Two seawater-flooded chalk fields located near each other were selected as candidates for comparison. The temperature of one field is 130°C, whereas for the other field, it is 90°C. Produced-water samples (a total of 6,800) from these two fields were analyzed, and the compositional trends were plotted to identify the deviation from conservative (nonreacting) behavior. The compositional trends were then grouped to identify if there were common features between wells. This analysis was complemented by 1D reactive-transport modeling to identify the reactions that would be consistent with the observed trends.

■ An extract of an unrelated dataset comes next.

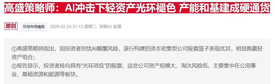 上个月,当投资者担心AI可能摧毁“轻资产”商业模式时,一种名为“光环(Halo)交易”的行情迅速流行——偏好那些“重资产、低淘汰风险”的公司,因为它们被认为更不容易受到AI冲击。

Two groups of wells were identified within each reservoir on the basis of the produced-brine compositional behavior. Each well group exhibits a distinct ion-trend behavior, especially with respect to barium, calcium, strontium, and magnesium concentrations—because these are divalent cations that are abundant in the formation brines. The breakthrough of sulfate, a component primarily introduced during seawater flooding, varies very significantly between the two groups in each case. In one grouping, the sulfate is barely retarded, and it breaks through at seawater fractions lower than 10%. In the other grouping, however, sulfate does not break through until the seawater fraction in the produced brine exceeds 75%. This retardation of sulfate occurs most strongly in the hotter reservoir, and this might be attributed to the lower solubility of the calcium sulfate mineral anhydrite at a higher temperature. The retardation of sulfate then means that barium is produced at higher concentrations because barite precipitation in the reservoir is thus restricted, caused by sulfate being the limiting ion. However, some sulfate stripping does occur in the cooler reservoir, despite the higher solubility of anhydrite. Furthermore, in all cases, magnesium is retarded, with some groupings exhibiting the complete stripping of magnesium from the injected seawater.

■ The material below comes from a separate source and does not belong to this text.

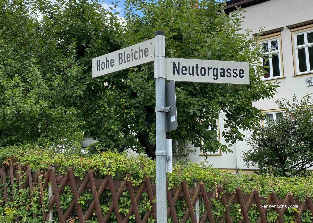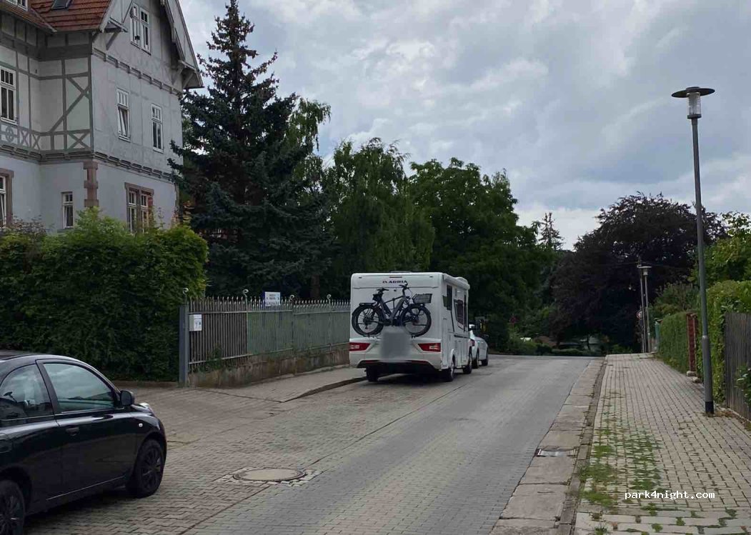 Free parking on the hard shoulder. This is also wide enough for mobile homes. There is no explicit motorhome parking sign here, but also no prohibition sign. From here you are in a few minutes in the historic old town of Arnstadt.

The magnesium-stripping behavior is reproduced in the reactive-transport models when calcium- and magnesium-replacement reactions are allowed. This phenomenon has been observed elsewhere in coreflood experiments, and it also contributes to the sulfate stripping through the promotion of anhydrite precipitation within the rock. This process, which is beneficial in terms of reducing the scale risk, is more pronounced at higher temperatures. Therefore, higher-temperature chalk reservoirs might act as natural sulfate-reduction plants, reducing scaling, souring risks and, thus, operating costs of the fields.